First of all update Diagnostic software (from support CD or available from www.hp.com), GR patch bundle and then HWE patch bundle.
As already was proposed, when system will hang get codes displayed on server's LCD. Then do TOC (button is located on Core I/O) and send dump to HP
Eugeny
Jim Butler
Valued Contributor

Re: System Hanging

Sy

Are you running any kind of root shells or tools such as sudo on the machine?

If so, verify that they are all built on your current box - don't bring binaries over.
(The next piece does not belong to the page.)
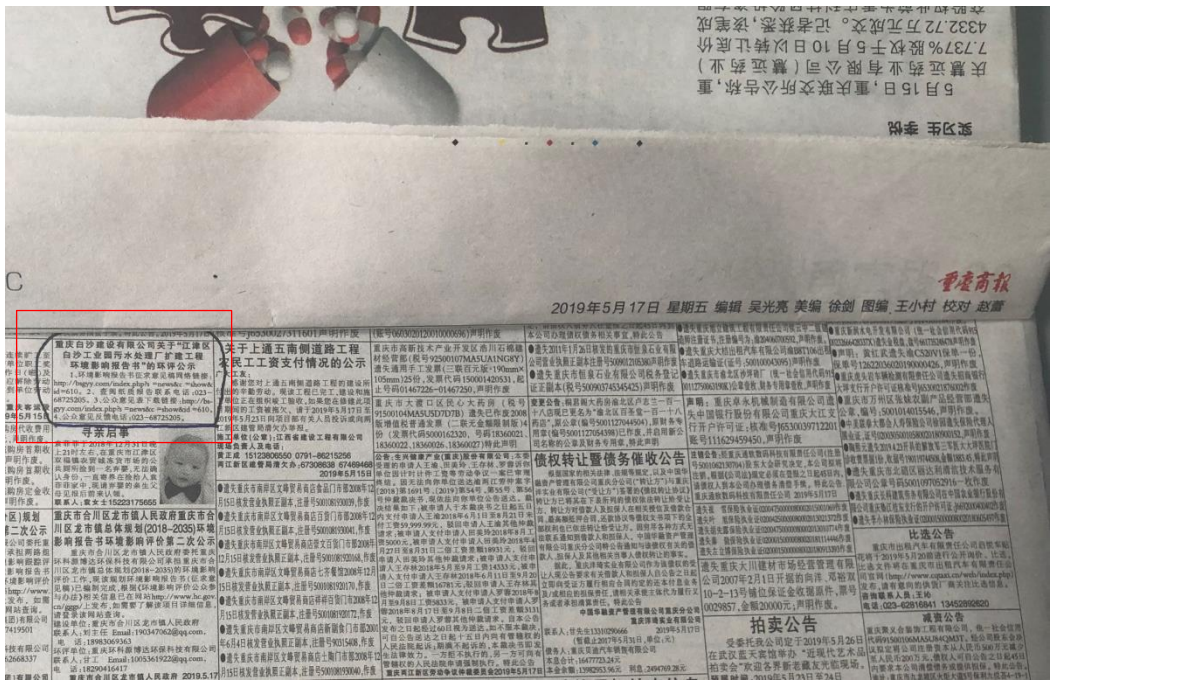
图 2-3 重庆商报环评公示图片

Also, was your oracle installed new, or was it a backup/restore job? If the latter - then use the oracle installer to perform a re-link.

good luck
Man The Bilge Pumps!
Anthony deRito
Respected Contributor

Re: System Hanging

Dump core with a TOC. Make sure you have enough space to hold full memory contents. Have HP help analyze what is going on when the system hangs or use Q4 to diagnose yourself.
Simon Hargrave
Honored Contributor

Re: System Hanging

Okay I'm in the process of updating the diagnostics software and patching the server, and then I'll wait for it to crash and do a TOC. However, I've already done a CLEARPIM and indeed all flags have cleared. Now all the WARNING messages against the CPUs are still there. Now I'm fairly sure that they can't be current messages (eg there are messages that say FASTBOOT is enabled and selftests are disabled which they're not because I've enabled them!)
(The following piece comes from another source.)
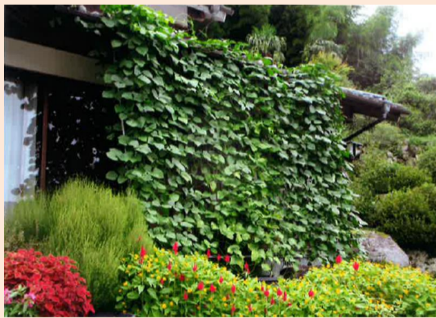
令和5年度 家庭部門賞 財前 寿文 様

So, where are these WARNING messages stored, and how do I clear them?

Cheers Sy
Jim Butler
Valued Contributor

Re: System Hanging

go into gsp -
Cntrl-B from the console will get you in there.

Looking at the logs will clear it.

type HELP - for the menu.

be a little careful in there if it is your first time.
Man The Bilge Pumps!
Jim Butler
Valued Contributor

Re: System Hanging

I'm sorry - just looked and noticed you are on a k460

You may have to go into STM or (cstm if you don't like the gui and initialize your logs there)
Man The Bilge Pumps!
Anthony deRito
Respected Contributor

Re: System Hanging

Ctrl B then CL to clear logs if I remember correctly. For the T500 I think you have to go into SP mode before running CL but I don't think this is the case with K box.
Simon Hargrave
Honored Contributor

Re: System Hanging

I'm not seeing a CL command. Are you sure this should be available on a K class? Perhaps this is a GSP command on N, L class etc? Also I can't see where to access these errors from stm. I've hilighted the CPU and looked through all logs associated, but can't find any of the warnings that are mentioned in the tombstone.